> [How to complete this task] Could you set down the records below exactly as they are, with no pictures?

——

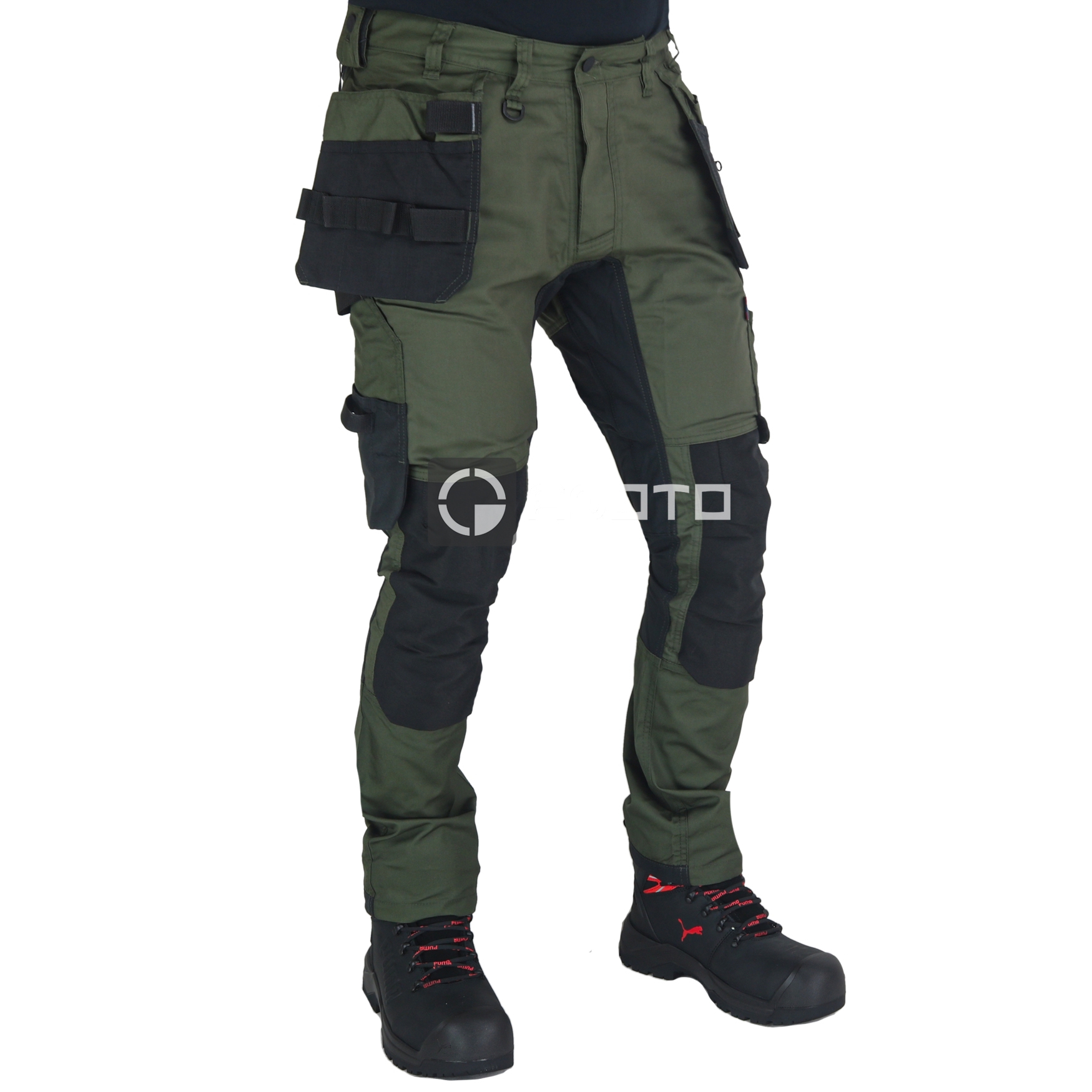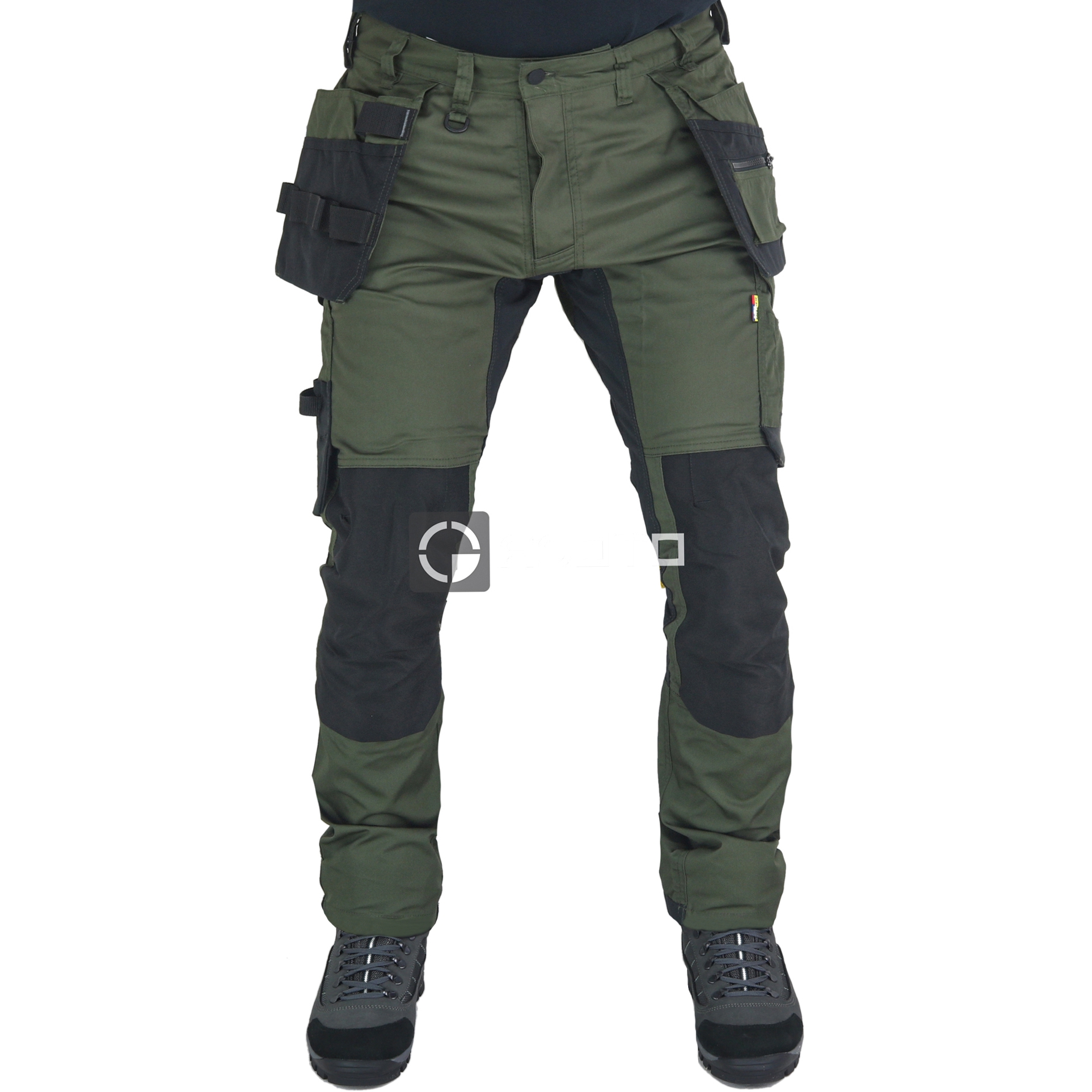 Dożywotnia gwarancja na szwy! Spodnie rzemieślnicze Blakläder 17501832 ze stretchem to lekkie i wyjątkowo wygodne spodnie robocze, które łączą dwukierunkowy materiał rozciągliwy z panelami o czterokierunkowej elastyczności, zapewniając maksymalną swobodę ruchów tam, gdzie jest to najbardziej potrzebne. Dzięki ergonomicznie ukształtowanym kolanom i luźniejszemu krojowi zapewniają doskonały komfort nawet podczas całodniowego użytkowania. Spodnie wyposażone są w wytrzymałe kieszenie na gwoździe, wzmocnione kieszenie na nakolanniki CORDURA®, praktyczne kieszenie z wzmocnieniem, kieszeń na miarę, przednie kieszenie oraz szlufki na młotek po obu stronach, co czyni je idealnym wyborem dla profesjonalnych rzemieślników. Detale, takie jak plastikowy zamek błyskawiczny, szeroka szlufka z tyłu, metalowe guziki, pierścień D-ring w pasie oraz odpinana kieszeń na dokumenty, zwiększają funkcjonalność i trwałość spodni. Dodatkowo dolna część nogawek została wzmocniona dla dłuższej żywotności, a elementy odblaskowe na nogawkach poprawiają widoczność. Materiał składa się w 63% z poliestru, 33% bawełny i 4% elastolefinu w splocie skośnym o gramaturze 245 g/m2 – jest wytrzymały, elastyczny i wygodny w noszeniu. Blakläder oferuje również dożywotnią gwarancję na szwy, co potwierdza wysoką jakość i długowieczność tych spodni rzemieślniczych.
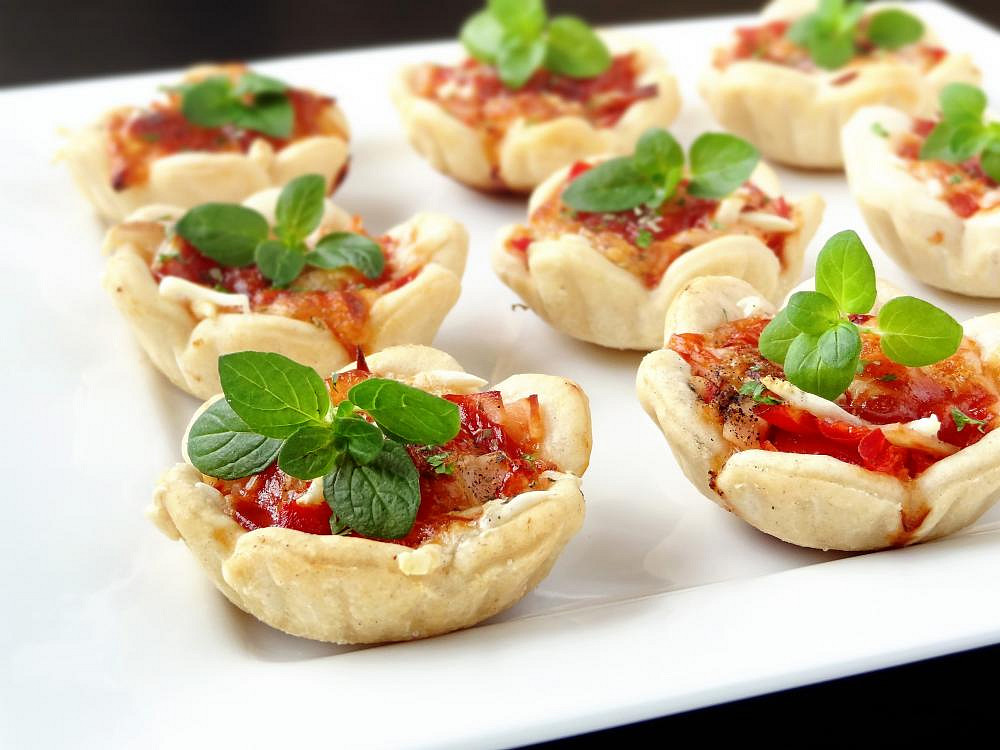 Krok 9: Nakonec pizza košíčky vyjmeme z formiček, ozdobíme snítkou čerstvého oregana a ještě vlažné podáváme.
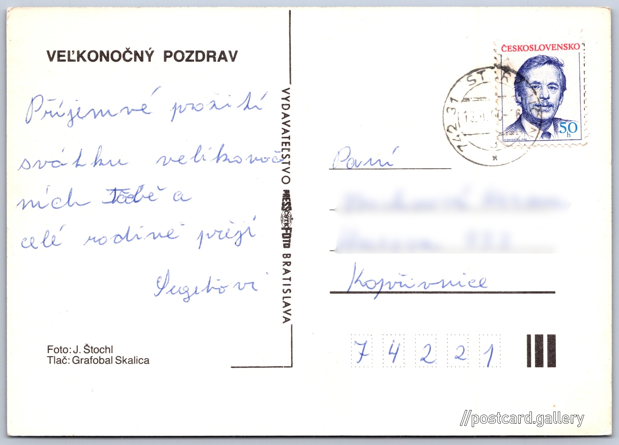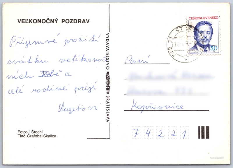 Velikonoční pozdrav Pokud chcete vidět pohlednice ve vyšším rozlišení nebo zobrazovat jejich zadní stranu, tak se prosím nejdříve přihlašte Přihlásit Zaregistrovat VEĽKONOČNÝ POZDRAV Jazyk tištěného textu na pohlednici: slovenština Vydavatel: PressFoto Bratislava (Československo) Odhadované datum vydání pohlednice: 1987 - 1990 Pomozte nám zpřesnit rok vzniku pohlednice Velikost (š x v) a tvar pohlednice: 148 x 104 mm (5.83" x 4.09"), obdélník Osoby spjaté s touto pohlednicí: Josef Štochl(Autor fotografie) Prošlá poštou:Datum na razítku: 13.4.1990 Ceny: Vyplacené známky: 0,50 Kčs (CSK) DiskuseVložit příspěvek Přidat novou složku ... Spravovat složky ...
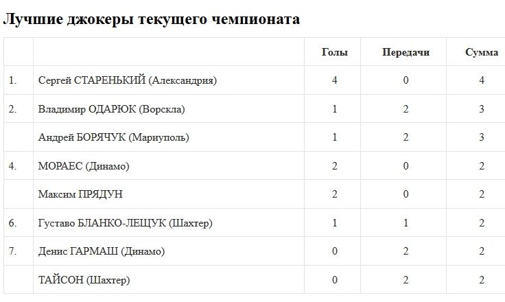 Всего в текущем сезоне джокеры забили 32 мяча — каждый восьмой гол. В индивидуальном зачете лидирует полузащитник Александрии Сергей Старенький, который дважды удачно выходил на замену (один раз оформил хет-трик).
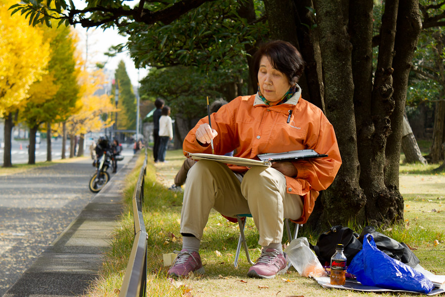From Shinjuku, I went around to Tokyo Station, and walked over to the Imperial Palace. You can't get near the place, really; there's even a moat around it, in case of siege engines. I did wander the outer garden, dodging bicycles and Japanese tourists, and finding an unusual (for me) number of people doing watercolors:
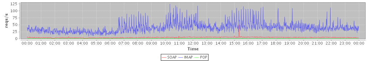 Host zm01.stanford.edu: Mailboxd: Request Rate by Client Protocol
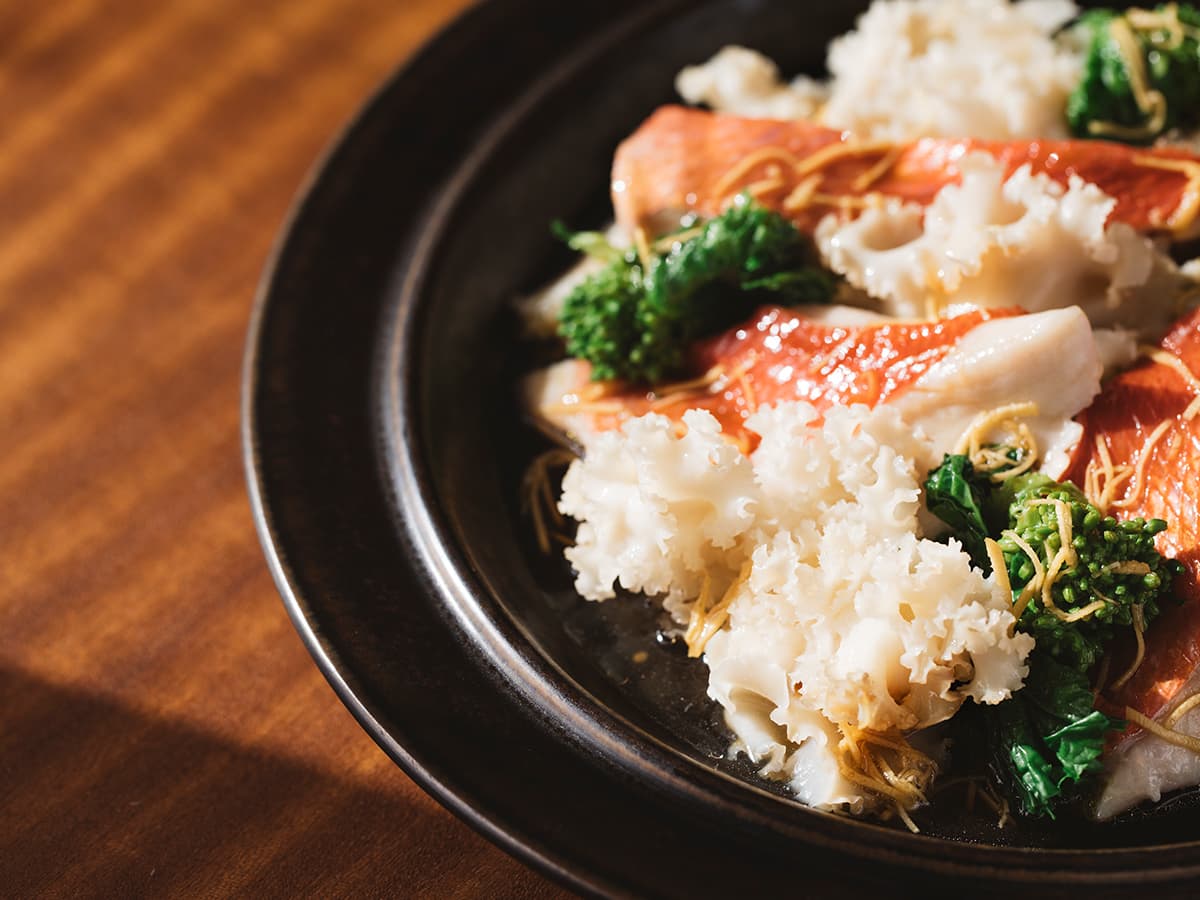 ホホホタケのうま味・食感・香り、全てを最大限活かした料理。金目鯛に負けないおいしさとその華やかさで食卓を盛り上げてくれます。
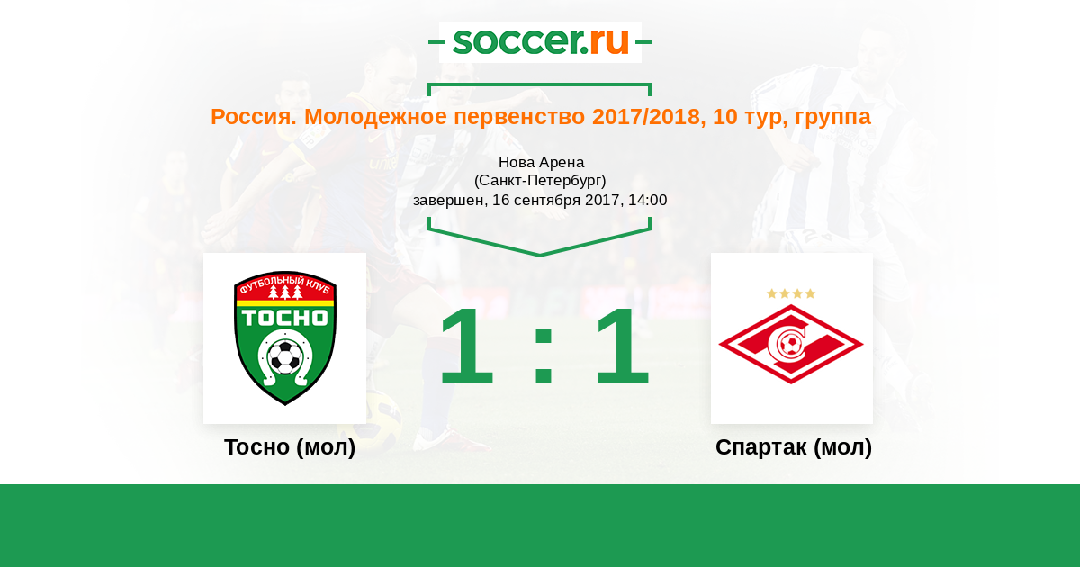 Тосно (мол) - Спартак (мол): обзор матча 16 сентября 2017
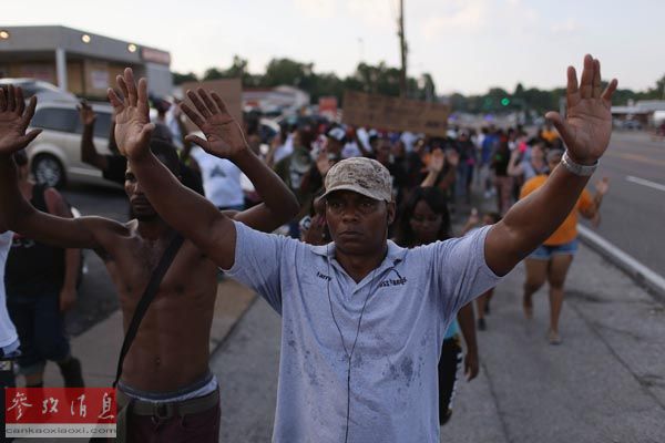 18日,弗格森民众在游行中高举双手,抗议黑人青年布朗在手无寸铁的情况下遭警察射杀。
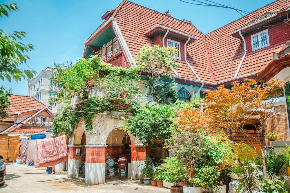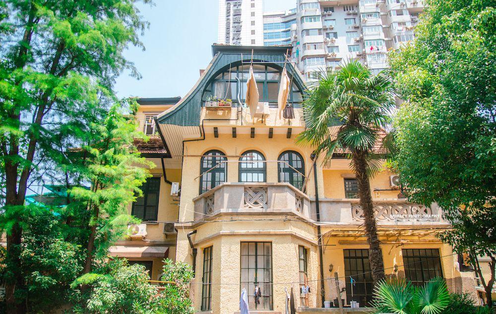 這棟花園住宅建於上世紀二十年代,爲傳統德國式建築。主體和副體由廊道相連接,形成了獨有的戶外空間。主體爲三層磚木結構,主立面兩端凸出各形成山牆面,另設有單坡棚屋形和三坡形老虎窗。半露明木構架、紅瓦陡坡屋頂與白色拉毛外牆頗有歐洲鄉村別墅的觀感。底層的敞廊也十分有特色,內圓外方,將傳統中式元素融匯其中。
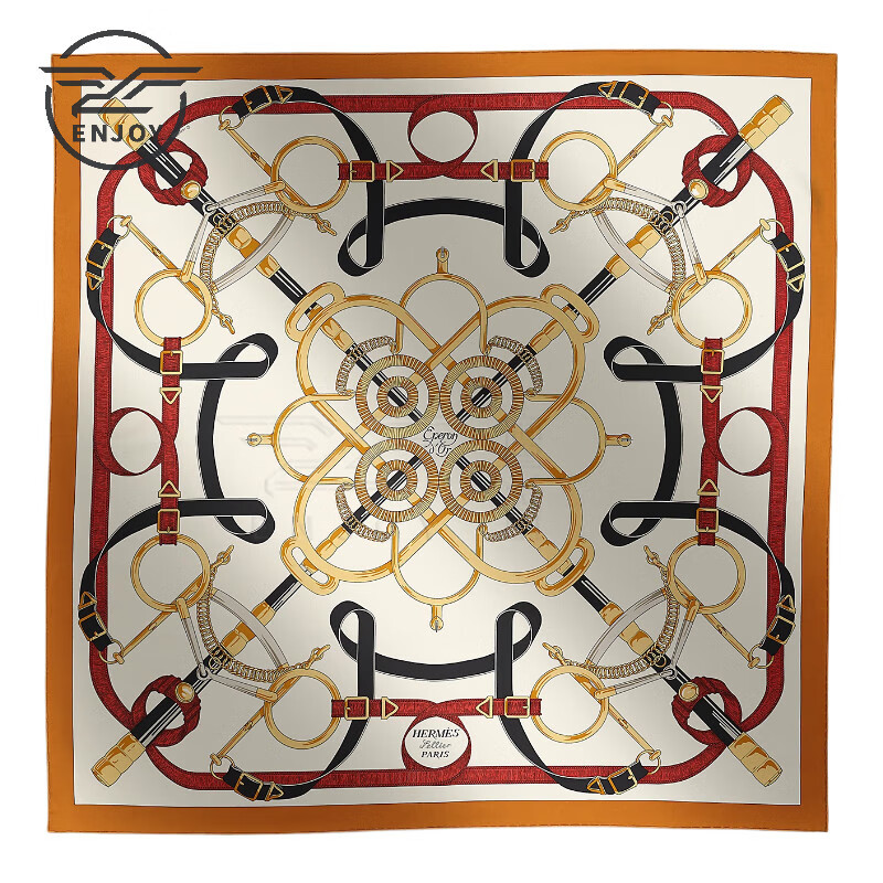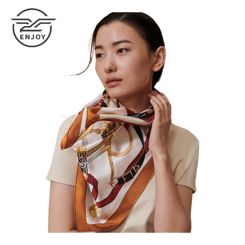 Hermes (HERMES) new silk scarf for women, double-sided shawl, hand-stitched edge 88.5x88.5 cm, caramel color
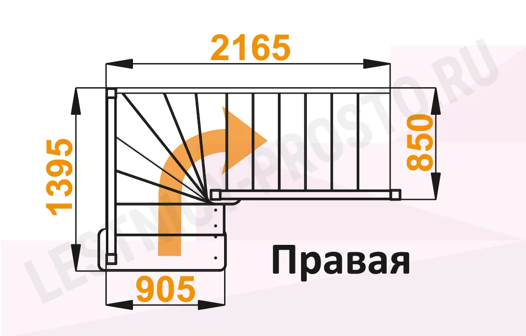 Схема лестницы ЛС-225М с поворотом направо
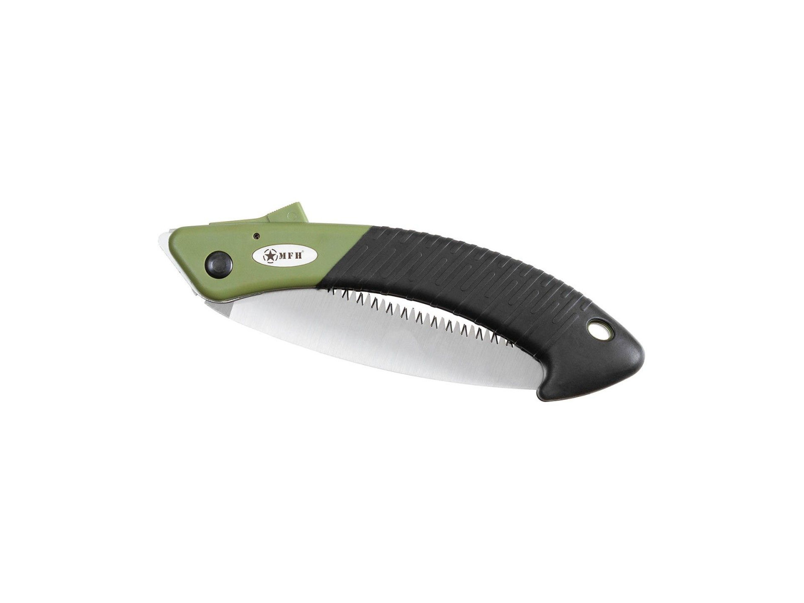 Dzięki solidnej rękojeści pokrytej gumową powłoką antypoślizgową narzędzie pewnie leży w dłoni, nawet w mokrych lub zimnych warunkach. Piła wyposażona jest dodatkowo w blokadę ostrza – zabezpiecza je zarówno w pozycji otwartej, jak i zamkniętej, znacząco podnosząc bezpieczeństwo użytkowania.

——

> [Answer for this exercise]
 Dożywotnia gwarancja na szwy! Spodnie rzemieślnicze Blakläder 17501832 ze stretchem to lekkie i wyjątkowo wygodne spodnie robocze, które łączą dwukierunkowy materiał rozciągliwy z panelami o czterokierunkowej elastyczności, zapewniając maksymalną swobodę ruchów tam, gdzie jest to najbardziej potrzebne. Dzięki ergonomicznie ukształtowanym kolanom i luźniejszemu krojowi zapewniają doskonały komfort nawet podczas całodniowego użytkowania. Spodnie wyposażone są w wytrzymałe kieszenie na gwoździe, wzmocnione kieszenie na nakolanniki CORDURA®, praktyczne kieszenie z wzmocnieniem, kieszeń na miarę, przednie kieszenie oraz szlufki na młotek po obu stronach, co czyni je idealnym wyborem dla profesjonalnych rzemieślników. Detale, takie jak plastikowy zamek błyskawiczny, szeroka szlufka z tyłu, metalowe guziki, pierścień D-ring w pasie oraz odpinana kieszeń na dokumenty, zwiększają funkcjonalność i trwałość spodni. Dodatkowo dolna część nogawek została wzmocniona dla dłuższej żywotności, a elementy odblaskowe na nogawkach poprawiają widoczność. Materiał składa się w 63% z poliestru, 33% bawełny i 4% elastolefinu w splocie skośnym o gramaturze 245 g/m2 – jest wytrzymały, elastyczny i wygodny w noszeniu. Blakläder oferuje również dożywotnią gwarancję na szwy, co potwierdza wysoką jakość i długowieczność tych spodni rzemieślniczych.
 Krok 9: Nakonec pizza košíčky vyjmeme z formiček, ozdobíme snítkou čerstvého oregana a ještě vlažné podáváme.
 Velikonoční pozdrav Pokud chcete vidět pohlednice ve vyšším rozlišení nebo zobrazovat jejich zadní stranu, tak se prosím nejdříve přihlašte Přihlásit Zaregistrovat VEĽKONOČNÝ POZDRAV Jazyk tištěného textu na pohlednici: slovenština Vydavatel: PressFoto Bratislava (Československo) Odhadované datum vydání pohlednice: 1987 - 1990 Pomozte nám zpřesnit rok vzniku pohlednice Velikost (š x v) a tvar pohlednice: 148 x 104 mm (5.83" x 4.09"), obdélník Osoby spjaté s touto pohlednicí: Josef Štochl(Autor fotografie) Prošlá poštou:Datum na razítku: 13.4.1990 Ceny: Vyplacené známky: 0,50 Kčs (CSK) DiskuseVložit příspěvek Přidat novou složku ... Spravovat složky ...
 Всего в текущем сезоне джокеры забили 32 мяча — каждый восьмой гол. В индивидуальном зачете лидирует полузащитник Александрии Сергей Старенький, который дважды удачно выходил на замену (один раз оформил хет-трик).
From Shinjuku, I went around to Tokyo Station, and walked over to the Imperial Palace. You can't get near the place, really; there's even a moat around it, in case of siege engines. I did wander the outer garden, dodging bicycles and Japanese tourists, and finding an unusual (for me) number of people doing watercolors:
 Host zm01.stanford.edu: Mailboxd: Request Rate by Client Protocol
 ホホホタケのうま味・食感・香り、全てを最大限活かした料理。金目鯛に負けないおいしさとその華やかさで食卓を盛り上げてくれます。
 Тосно (мол) - Спартак (мол): обзор матча 16 сентября 2017
 18日,弗格森民众在游行中高举双手,抗议黑人青年布朗在手无寸铁的情况下遭警察射杀。
 這棟花園住宅建於上世紀二十年代,爲傳統德國式建築。主體和副體由廊道相連接,形成了獨有的戶外空間。主體爲三層磚木結構,主立面兩端凸出各形成山牆面,另設有單坡棚屋形和三坡形老虎窗。半露明木構架、紅瓦陡坡屋頂與白色拉毛外牆頗有歐洲鄉村別墅的觀感。底層的敞廊也十分有特色,內圓外方,將傳統中式元素融匯其中。
 Hermes (HERMES) new silk scarf for women, double-sided shawl, hand-stitched edge 88.5x88.5 cm, caramel color
 Схема лестницы ЛС-225М с поворотом направо
 Dzięki solidnej rękojeści pokrytej gumową powłoką antypoślizgową narzędzie pewnie leży w dłoni, nawet w mokrych lub zimnych warunkach. Piła wyposażona jest dodatkowo w blokadę ostrza – zabezpiecza je zarówno w pozycji otwartej, jak i zamkniętej, znacząco podnosząc bezpieczeństwo użytkowania.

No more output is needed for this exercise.